[Instructions for the task] Leave the pictures out and transcribe every record exactly.

Dataset items:
******
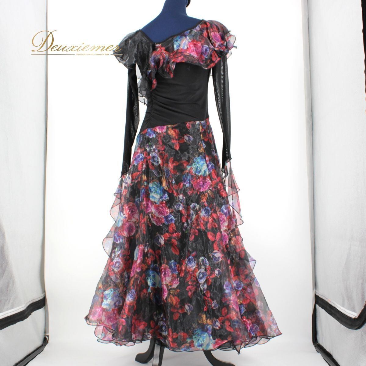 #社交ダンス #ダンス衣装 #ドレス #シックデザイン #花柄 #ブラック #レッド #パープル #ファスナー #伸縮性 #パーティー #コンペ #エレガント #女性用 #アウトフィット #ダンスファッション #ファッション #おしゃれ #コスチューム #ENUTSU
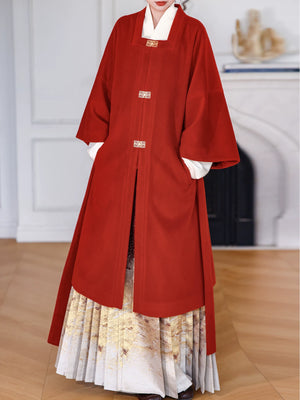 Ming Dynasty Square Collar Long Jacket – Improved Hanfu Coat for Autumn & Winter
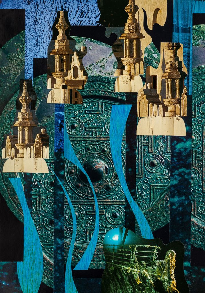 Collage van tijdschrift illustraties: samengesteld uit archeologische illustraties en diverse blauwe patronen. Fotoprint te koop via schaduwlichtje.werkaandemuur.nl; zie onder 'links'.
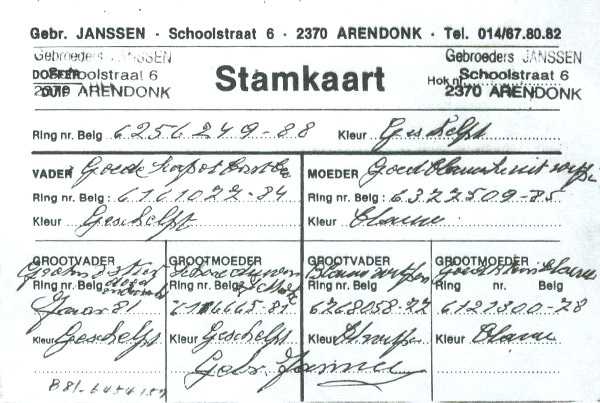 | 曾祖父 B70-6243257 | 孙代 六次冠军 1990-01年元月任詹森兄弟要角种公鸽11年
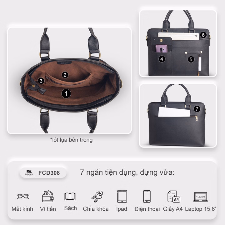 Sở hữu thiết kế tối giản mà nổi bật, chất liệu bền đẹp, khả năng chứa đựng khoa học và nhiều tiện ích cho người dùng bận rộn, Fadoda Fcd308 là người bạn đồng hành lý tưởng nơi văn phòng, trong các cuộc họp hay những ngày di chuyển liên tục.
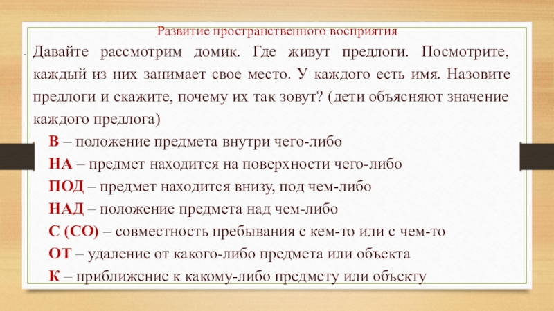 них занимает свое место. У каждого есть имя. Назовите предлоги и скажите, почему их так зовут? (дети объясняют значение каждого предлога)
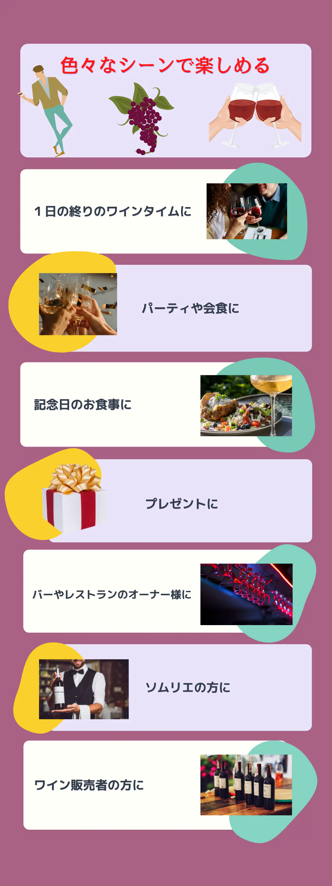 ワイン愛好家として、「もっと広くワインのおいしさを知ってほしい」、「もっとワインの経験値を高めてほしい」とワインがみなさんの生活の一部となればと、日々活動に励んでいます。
******
[Response area]
 #社交ダンス #ダンス衣装 #ドレス #シックデザイン #花柄 #ブラック #レッド #パープル #ファスナー #伸縮性 #パーティー #コンペ #エレガント #女性用 #アウトフィット #ダンスファッション #ファッション #おしゃれ #コスチューム #ENUTSU
 Ming Dynasty Square Collar Long Jacket – Improved Hanfu Coat for Autumn & Winter
 Collage van tijdschrift illustraties: samengesteld uit archeologische illustraties en diverse blauwe patronen. Fotoprint te koop via schaduwlichtje.werkaandemuur.nl; zie onder 'links'.
 | 曾祖父 B70-6243257 | 孙代 六次冠军 1990-01年元月任詹森兄弟要角种公鸽11年
 Sở hữu thiết kế tối giản mà nổi bật, chất liệu bền đẹp, khả năng chứa đựng khoa học và nhiều tiện ích cho người dùng bận rộn, Fadoda Fcd308 là người bạn đồng hành lý tưởng nơi văn phòng, trong các cuộc họp hay những ngày di chuyển liên tục.
 них занимает свое место. У каждого есть имя. Назовите предлоги и скажите, почему их так зовут? (дети объясняют значение каждого предлога)
 ワイン愛好家として、「もっと広くワインのおいしさを知ってほしい」、「もっとワインの経験値を高めてほしい」とワインがみなさんの生活の一部となればと、日々活動に励んでいます。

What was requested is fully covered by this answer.